Si Kevin Shields n’a jamais su donner de suite à Loveless, d’autres l’ont fait pour lui. Mogwai a emmené le son énorme du chef d’œuvre de My Bloody Valentine dans les terres du post rock, M83 a plutôt penché vers la pop ambient et maintenant l’Anglais Maps s’en sert comme base pour un superbe album d’électro-pop.
L’une des plus grande qualité de Loveless était son refus de jouer du temps : tout était espace dans ce son si vaste, si imposant. Les drones et les répétitions, traditionnellement outils temporels parce qu’ils trouvent leur sens dans la durée ne servaient dans cet album qu’à l’effacement de toute notion de temps. Ces morceaux auraient pu durer une ou dix minutes, peu importe, on ne saurait le dire à la sortie. Maps donc porte un nom qui convient parfaitement à un héritier des Irlandais : ce son qu’il emprunte convient parfaitement à l’évocation de paysages, de grands espaces. Mais quiconque a encore un globe terrestre sur lequel apparaît l’URSS (j’en connais) ou a récemment profité des soldes sur toutes les cartes du système solaire qui incluait encore Pluton sait qu’une carte n’est jamais que le produit éphémère de son temps. Maps donc induit dans ce son un élément indissociable de toute véritable pop : la dynamique.
Couplet/refrain/couplet, envolées, intro, pont… : tous ces signifiants pop ont en commun la recherche de dynamique, de variété, de changement dans la chanson, parce qu’il faut en donner beaucoup et vite dans un single de trois minutes.
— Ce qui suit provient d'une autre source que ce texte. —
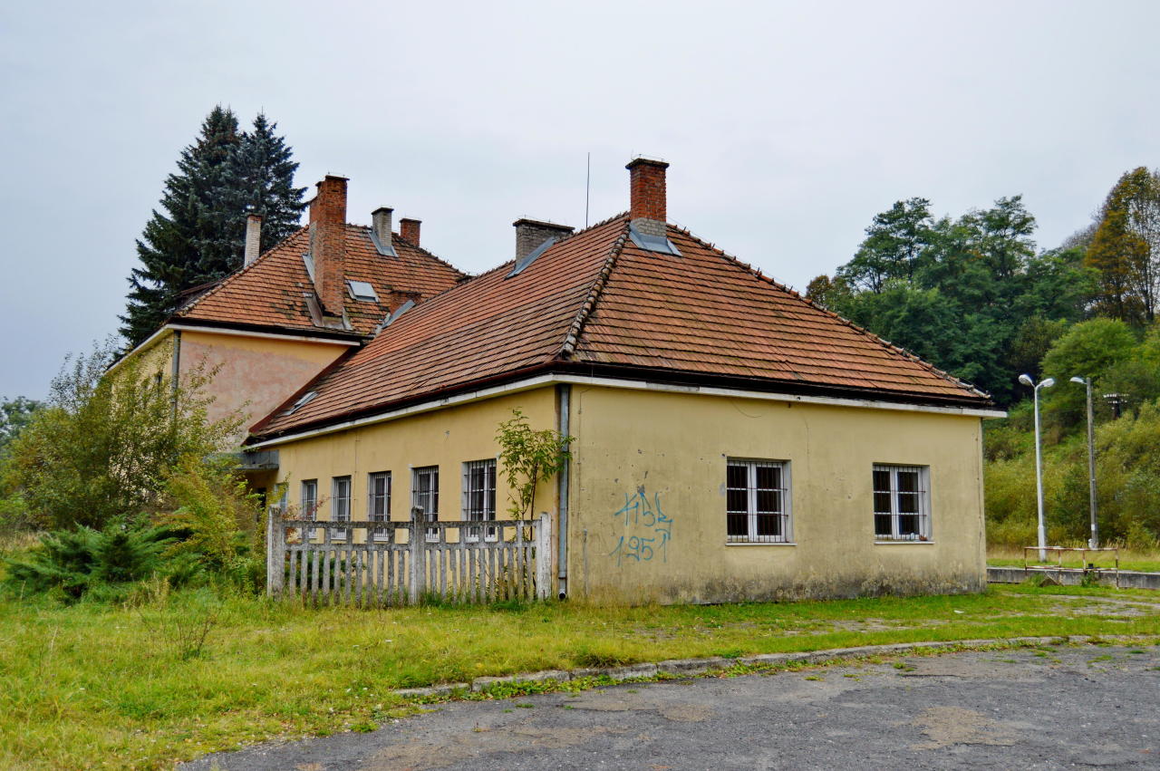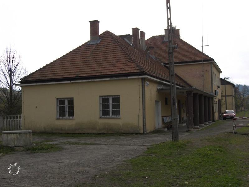 Budynek dworca - ściana szczytowa. Z prawej peron. Widok od strony Chyrowa.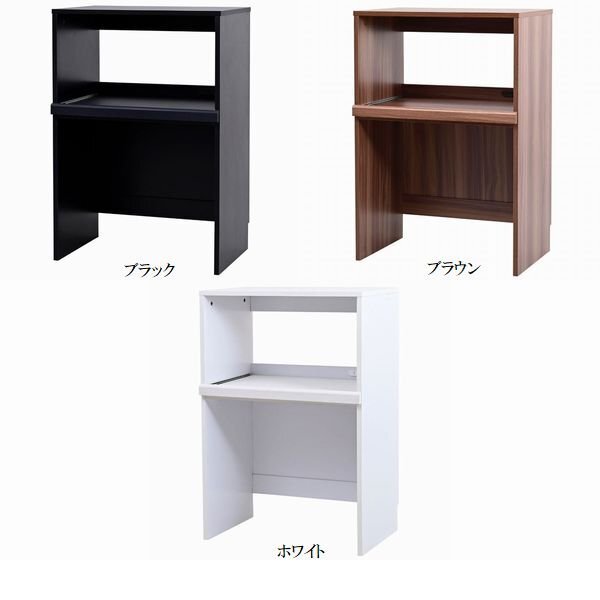 【カラー】 ブラック、ブラウン、ホワイト 【サイズ】 <外寸> 幅60.5×奥行40×高さ95cm <内寸> 天板:幅60.5×奥行38×高さ95cm スライド収納部:幅53.5×奥行35×高さ34.5cm スライド引き幅:35.5cm オープン部:幅56×奥行36×高さ54.5 【材質】 天板・スライド棚・スライド前板:合成樹脂化粧合板(PVC) その他:プリント紙化粧合板 【耐荷重】 天板:(約)20kg以下 スライド棚:(約)5kg以下 【生産国】 中国 【梱包】 サイズ:99×42×12cm、重量:13.8kg 【その他】 ・背面化粧あり ・合計1500Wの2口コンセント付き(コード長さ1.8m) 【組み立て品】 お客様による組み立てが必要です。 【ご注意】 ・サイズ、重量は概算です。 ・商品カラーはご使用のモニターによって実際の明るさや色と異なって見える場合がございます。 |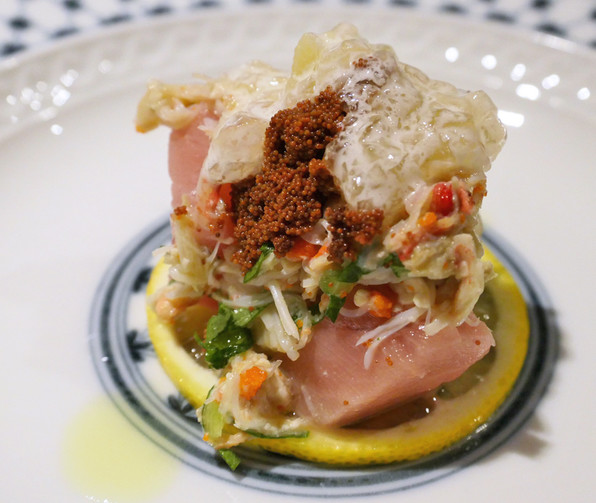 ●まずはコースでいただきました。こっぺ蟹オードヴルや蟹だしのカレーなど冬の名作が供されましたが、量がごく食べやすいものになっていて、ほどよい加減で食べ終えることができました。後から苦しいということもなく、おいしかった、よかったーー\(^o^)/\(^o^)/

James Chapman, l’homme derrière Maps, l’a compris et toute l’originalité de sa démarche tient dans cet apport du temps dans une musique fondamentalement spatiale.
Ce n’est pas pourtant qu’il ait renoncé aux drones et aux répétitions, ces deux éléments essentiels de la musique expérimentale des cinquante dernières années. "So Low So High", le titre d’ouverture, sonne dans ses premières secondes comme "Soon" avant l’arrivée d’un riff théâtral de cordes synthétiques qui, pour pop qu’il soit, se répétera avec une insistance et une pugnacité digne de Ségolène Royal débattant avec Nicolas Sarkozy. Ailleurs comme sur "Liquid Sugar" ou "To The Sky" c’est un sample d’instrument acoustique qui se répète pour donner sa dynamique à la chanson. Bien sûr, la sauce ne prend cependant pas toujours, notamment dans "Glory Verse", ballade saccharinée où les synthés ne sont plus que des violons pas chers et où géographiquement on est beaucoup trop proche de James Blunt.
Il y a cependant plus dans ce disque que le son de My Bloody Valentine passé à la moulinette pop. Il y a aussi l’électro charnelle et analogique de Four Tet ou de l’electronica à la Boards of Canada dans son son. Et puis, puisque ce sont des chansons, de la pop, il faut bien parler d’autre chose que du son : Chapman a l’art de faire passer pour intimiste avec sa petite voix cachée sous des couches de filtres ce qui s’avère en fait être une pop orchestrale, pleine de grands gestes théâtraux et d’émotions fortes. On pense un peu aux Stars et à Depeche Mode et puis, parce que James Chapman est un peu plus que l’accumulation de ses influences, on pense beaucoup à Maps.